CAPPUCCINO CREME BRULEE


Makes 4






1 cup heavy cream
1 cup milk
1/3   cup granulated sugar
1      tablespoon instant espresso powder
2      2-inch cinnamon sticks
4      large egg yolks
2 tablespoon firmly packed dark brown sugar


In a small saucepan combine the cream and the milk with half the granulated sugar, the espresso powder, and the cinnamon sticks and heat the mixture over moderately low heat, stirring occasionally, until it is hot. In a bowl whisk together well the yolks and the remaining granulated sugar and add the milk mixture in a stream, whisking. Remove the cinnamon sticks and combine the mixture well. Divide the custard among four 35-cup ramekins set in a baking pan, add enough hot water to the pan to reach halfway up the side of the ramekins and bake the custard in the middle of a preheated 325° F. oven for 40 minutes, or until they are just set. Remove the ramekins from the pan, let the custards cool, and chill them, covered, for at least 4 hours. The custard may be made 2 days in advance and kept covered and chilled.

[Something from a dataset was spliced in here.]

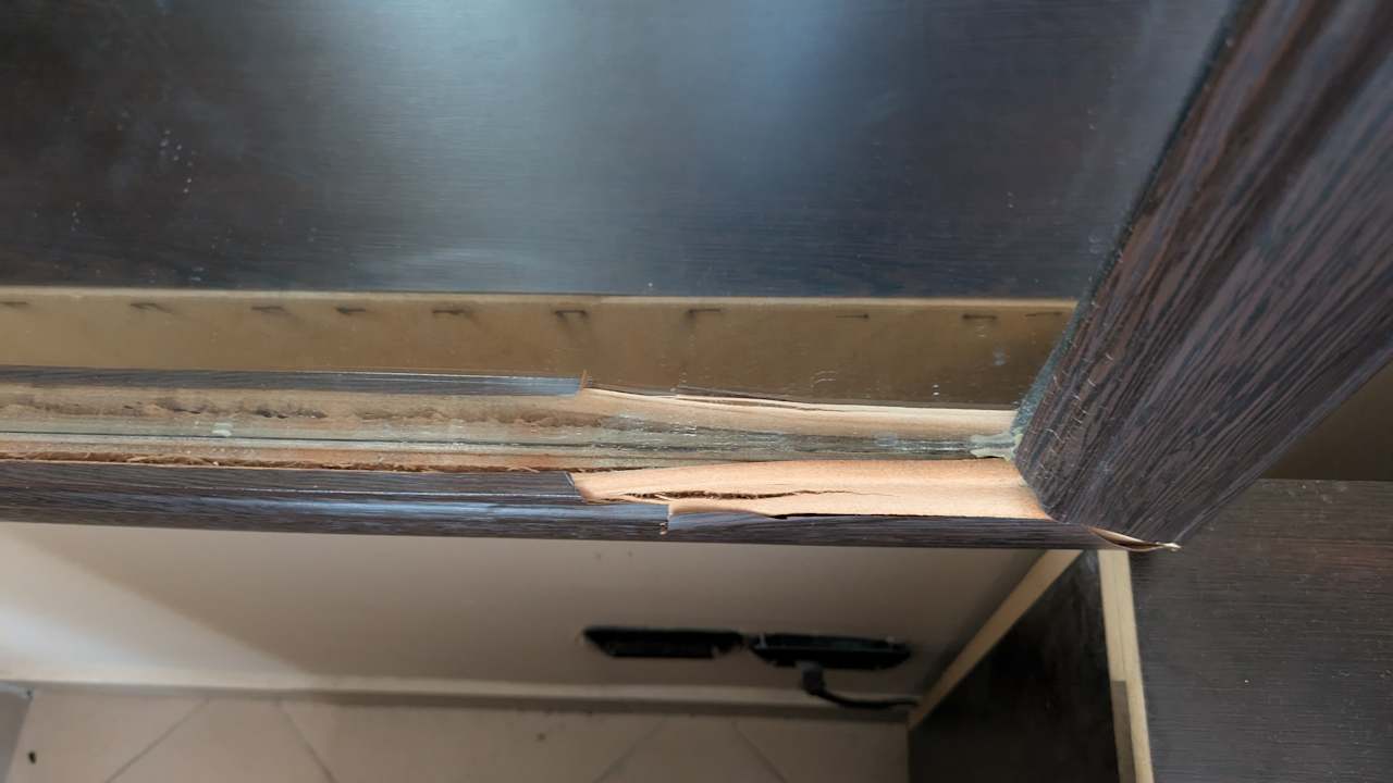 Vom Tropfwasser der der Klimaanlage zerstörter Spiegelrahmen

Blot dry the tops of the custards with paper towels and sprinkle them evenly with brown sugar. Put the custards under a preheated broiler about 1 inch from the heat (if necessary, to reach the heat set the ramekins of an inverted baking pan), turning them to caramelize the sugar evenly and being careful not to let the sugar burn, for 2 minutes. Serve the creme brulee immediately.